- EXTRACTED DATA

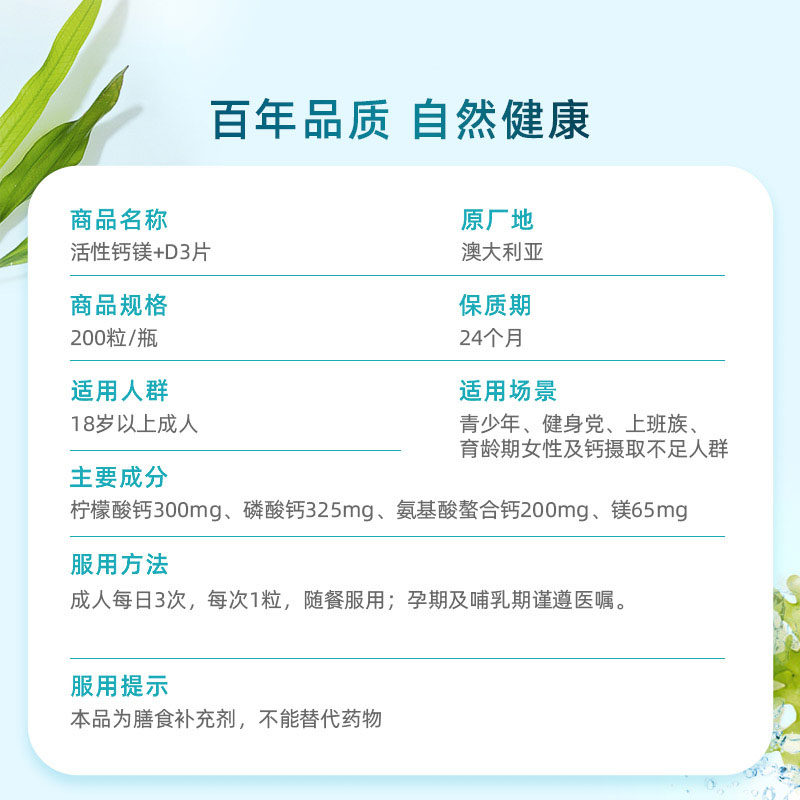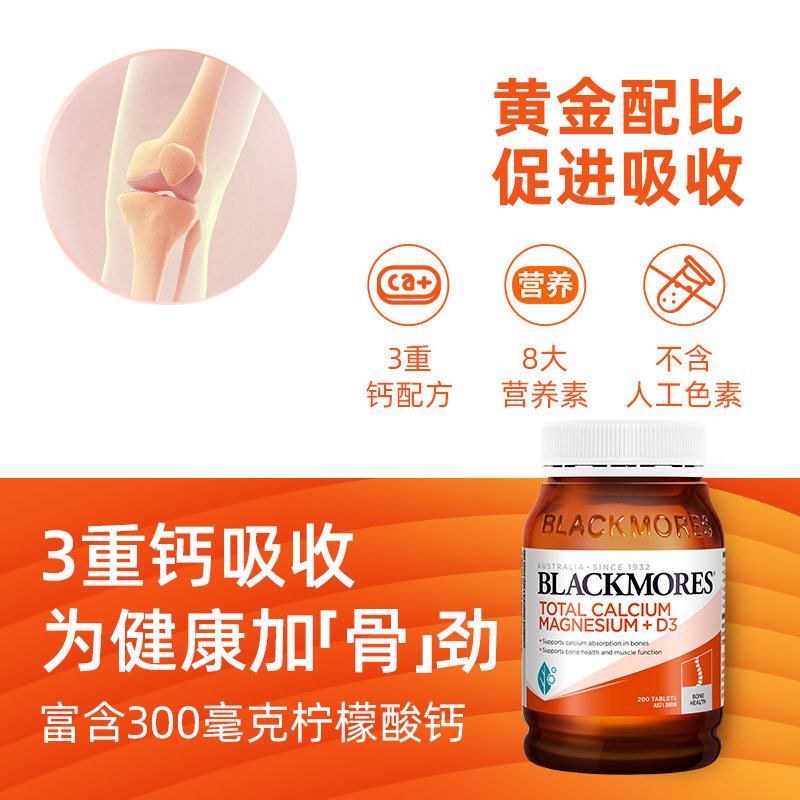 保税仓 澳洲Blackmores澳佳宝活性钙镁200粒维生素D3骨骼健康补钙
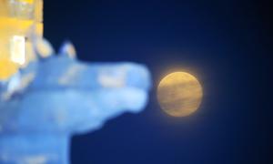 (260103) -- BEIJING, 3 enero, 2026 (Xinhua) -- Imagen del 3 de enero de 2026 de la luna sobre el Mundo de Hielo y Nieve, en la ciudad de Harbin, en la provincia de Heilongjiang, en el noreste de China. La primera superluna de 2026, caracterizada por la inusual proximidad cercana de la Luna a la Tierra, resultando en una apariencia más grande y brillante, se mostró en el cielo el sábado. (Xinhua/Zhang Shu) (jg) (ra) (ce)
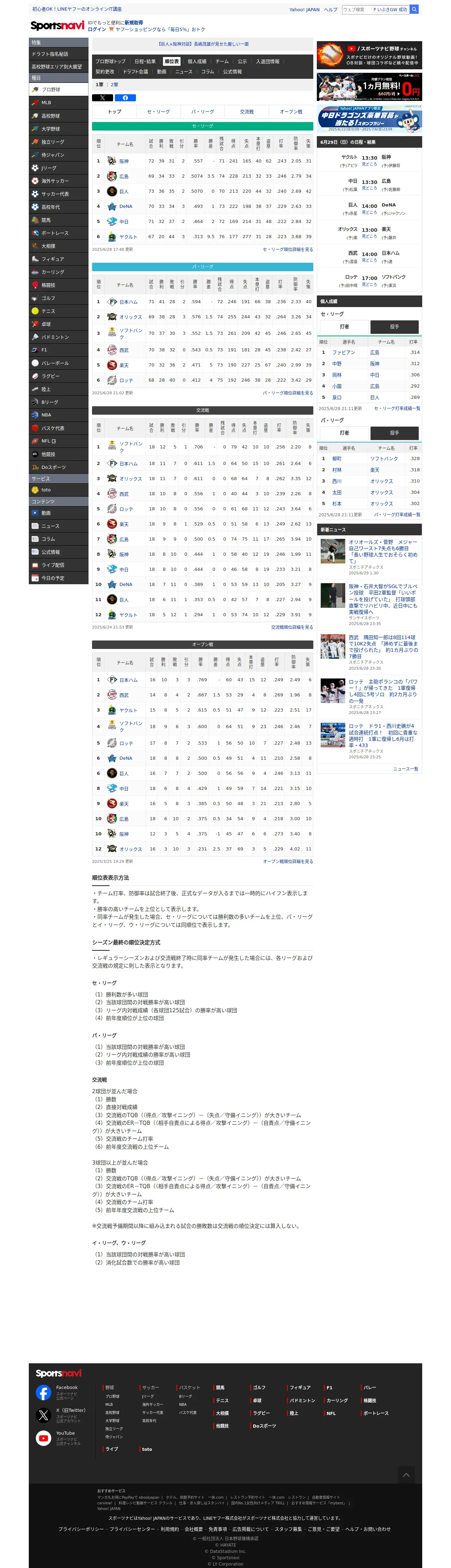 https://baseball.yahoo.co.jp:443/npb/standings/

--

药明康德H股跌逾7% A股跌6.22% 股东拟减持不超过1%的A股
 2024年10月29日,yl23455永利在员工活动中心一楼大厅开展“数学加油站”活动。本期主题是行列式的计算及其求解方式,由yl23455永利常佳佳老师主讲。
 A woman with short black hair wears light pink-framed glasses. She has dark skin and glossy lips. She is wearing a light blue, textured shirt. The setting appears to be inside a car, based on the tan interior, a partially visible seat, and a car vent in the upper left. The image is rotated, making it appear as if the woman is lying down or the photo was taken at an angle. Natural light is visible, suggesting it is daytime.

--

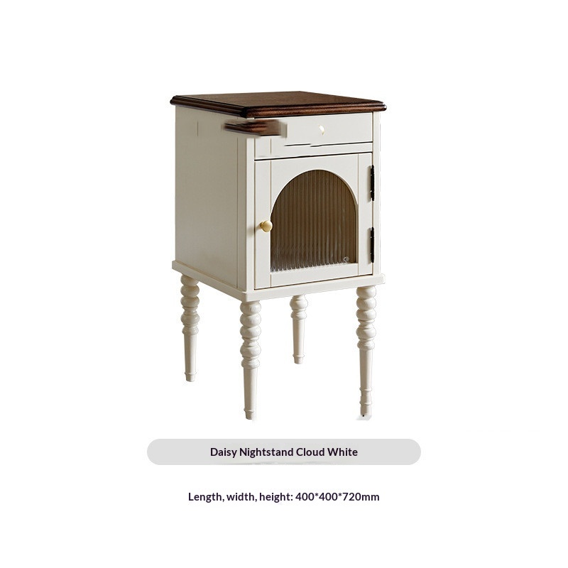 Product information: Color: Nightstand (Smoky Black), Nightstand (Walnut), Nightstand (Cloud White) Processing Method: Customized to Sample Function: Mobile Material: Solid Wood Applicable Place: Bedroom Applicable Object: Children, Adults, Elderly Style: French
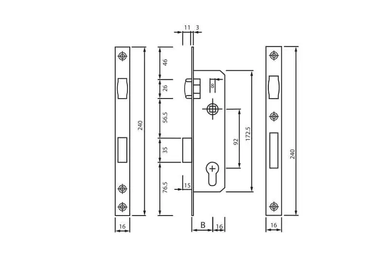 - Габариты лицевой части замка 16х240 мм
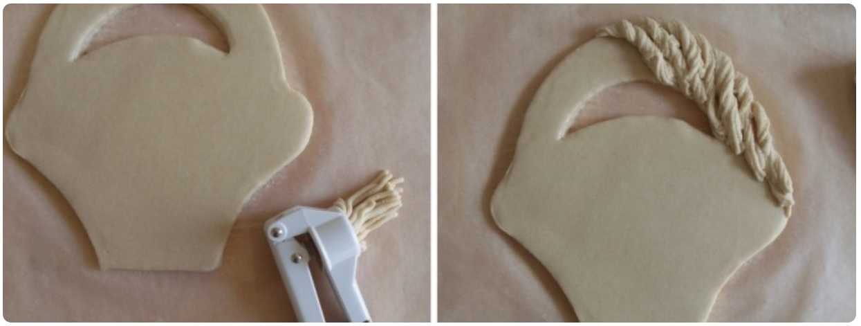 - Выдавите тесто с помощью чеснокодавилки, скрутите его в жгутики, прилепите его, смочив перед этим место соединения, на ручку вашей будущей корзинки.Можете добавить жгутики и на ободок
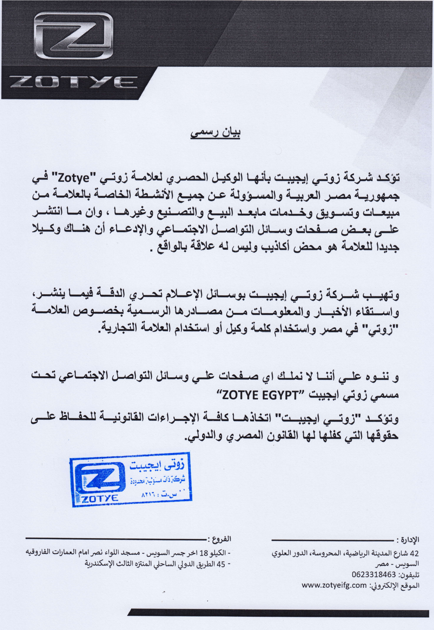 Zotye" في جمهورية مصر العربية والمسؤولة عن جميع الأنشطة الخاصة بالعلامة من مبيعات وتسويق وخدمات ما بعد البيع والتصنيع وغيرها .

- BRIEF
The copy should hold exactly the lines above from the one with "- Габариты лицевой части замка 16х240 мм" through the one with "والتصنيع وغيرها .", both ends counted, and no pictures at all.

- EXERCISE RESPONSE
 - Габариты лицевой части замка 16х240 мм
 - Выдавите тесто с помощью чеснокодавилки, скрутите его в жгутики, прилепите его, смочив перед этим место соединения, на ручку вашей будущей корзинки.Можете добавить жгутики и на ободок
 Zotye" في جمهورية مصر العربية والمسؤولة عن جميع الأنشطة الخاصة بالعلامة من مبيعات وتسويق وخدمات ما بعد البيع والتصنيع وغيرها .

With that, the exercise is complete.